Little did Miss Cunningham think, when she left Mount Vernon in response to her mother’s urgent appeal, that long years would intervene before she would see it again -years of waiting and watching; years of heart-breaking sorrow, and anxiety, and privation; years when all communication was cut off, and only a great faith that the end would come and peace again reign in the land sustained her. She wrote in 1861 that she was torn by opposing influences. Her mother, who was a violent Secessionist, urged her resignation of the Regency of the Mount Vernon Association, so that she might devote all of her energies to the care of the plantation, which had become too heavy a responsibility for a woman of her mother’s years, broken as she was by the strain of the Civil War. But Miss Cunningham felt that if she should resign, to use her own words, “the election of another officer in the present distracted, embittered state of public feeling would be opening Pandora’s box, and perhaps lead in the end to the destruction of the Association. It is not, therefore, to be thought of; but how am I to bear the load that is almost crushing me? I expected to return to Mount Vernon by the third of March. I cannot say now when I can go. I am greatly distressed at my mother’s situation, harassed with business cares of a nature entirely new, her sons being away with the army; I fear they will prove too much for her age and infirmities. She needs some one to lean upon, though it be but such a frail prop as myself. She is bitterly opposed to my going to Mount Vernon, or retaining my office, as it would take me away from her, and be at the utter sacrifice, as it has been and must be, of my own personal interests.”

This conflict of feeling between mother and daughter resulted in the compromise of Miss Cunningham’s remaining at Rosemont and assuming all the burdens of the management of the plantation that had been too great for the elder lady, and of her retaining also the Regency of the Mount Vernon Association. When we reflect upon what these scraps of letters reveal, that she was much of the time bedridden, almost blind, and often debarred the use of her hands from rheumatism,-we wonder that she was able to take the double direction of the plantation and Mount Vernon, and that she lived for the work that was yet reserved for her to do.

After this letter of February 25, 1861, two more scraps, undated and unsigned, found their way through the lines. One of these gave directions to Miss Tracy to draw on “the deposit” for the maintenance of Mount Vernon, saying, “I will replace it as soon as I sell my cotton; at present what little money I can command from any other source is more than needed to buy mules.” In the second fragment she sent word to one of the tried friends, “We must abide our time; we have, I trust, a good work yet to accomplish.” Her high courage never failed her, and she tried to inspire others with a like courage and hope. In this last fragment of a letter she referred to her brother’s family, living only twelve miles distant, and to some of her nieces being always with her, which, she said, “is a great comfort, as now I am half blind.”

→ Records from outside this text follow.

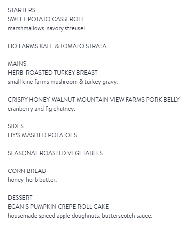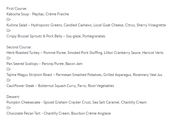 Alaia in Kahuku is offering a three-course Thanksgiving dinner on November 27, $185 per adult and $85 for children 12 and under. Starters include kabocha soup or Kuilima salad or crispy Brussels sprouts with pork belly; mains include herb roasted turkey with smoked pork stuffing and lilikoi cranberry sauce or pan seared scallops or Tajima Wagyu striploin roast or cauliflower steak; desserts are pumpkin cheesecake or chocolate pecan tart.
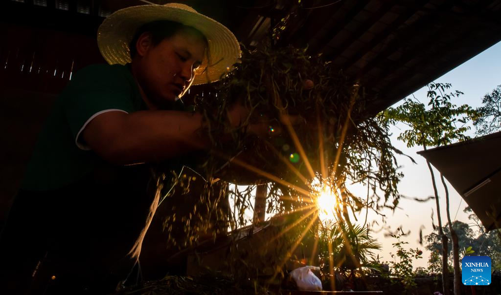 Un agricultor procesa hojas de té recién recogidas en la montaña Jingmai en la ciudad de Pu'er, provincia de Yunnan, en el suroeste de China, el 25 de marzo de 2023. La recolección de té de primavera comenzó en los antiguos bosques de té en la montaña Jingmai el sábado. En Jingmai, una exuberante montaña conocida por sus bosques de antiguos árboles de té, los lugareños aún mantienen una forma tradicional de cultivo de té con un ecosistema especial de múltiples capas. (Xinhua/Jiang Wenyao)
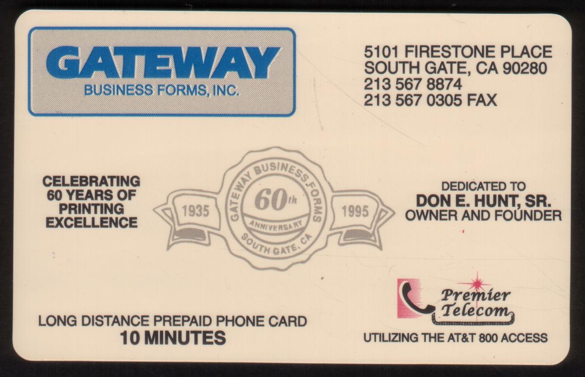 This collectible card commemorates the 60th Anniversary of Gateway Business Forms. The front features a simple design with text prominently displaying "Gateway Business Forms - 60th Anniversary Business Card SPECIMEN." The text includes corporate and promotional language highlighting the milestone. The card also references Premier Telecom, indicating a connection to telecommunications services or business.
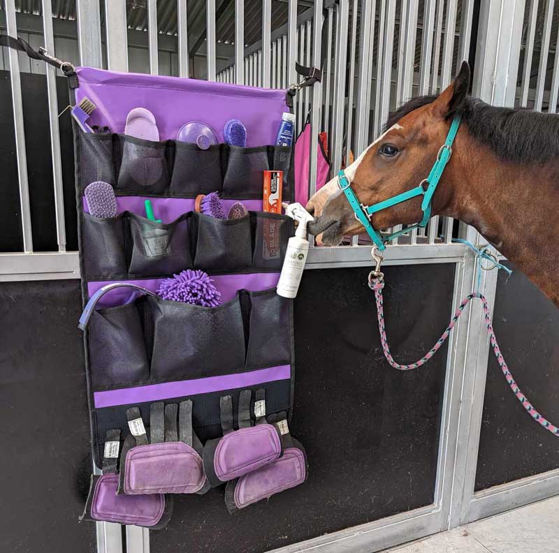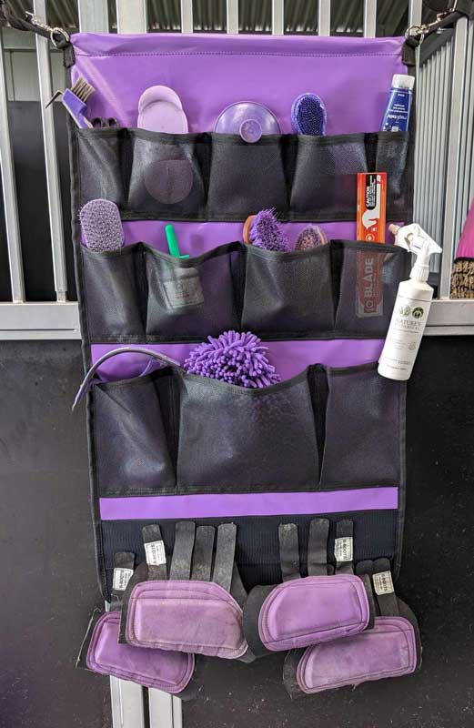 Made from strong PVC with various sized mesh pockets for convenient storage of grooming equipment, brushes, combs, sprays and sponges. With Strong Velcro at the base for easy boot storage/airing or with an extra row of pockets (your choice)

There was no other letter received until 1864, and our imagination can hardly fill in the gap, or think of it as being other than a dark chasm filled with the ghosts of departed hopes and the shadows of a com- ing despair. In 1864 Miss Cunningham wrote to her secretary: “This is the third letter I have written to you in reply to yours of January,…. the first tidings received from you for more than two years. I was dumb with surprise and joy; strange that the important letter, of all written, should have reached me, and so quickly. I was rejoiced to hear of you, that all were well and getting on well, and faithful through all trials to the responsible and precious charge. My faith in you, and Mary, and Mr. Herbert was so strong that I had learned to be passive after the first year. The rest of your letter pained me beyond expression. I had hoped that the boat would not be interrupted, and that surrounding circumstances would make the trips so profitable as to go far towards covering expenses. I tried to go to your relief by arrangements to draw on parties in Liverpool for $2000. Six months sooner it could have been done.

Thank you all for your assurances of faithfulness to me. I felt from the first that you three were sent as special mercies to me from my Heavenly Father. Were not my feelings prophetic? May the All Powerful Father shorten these days of trial and let us meet ere very long. I have been at death’s door many times since you have heard from me.”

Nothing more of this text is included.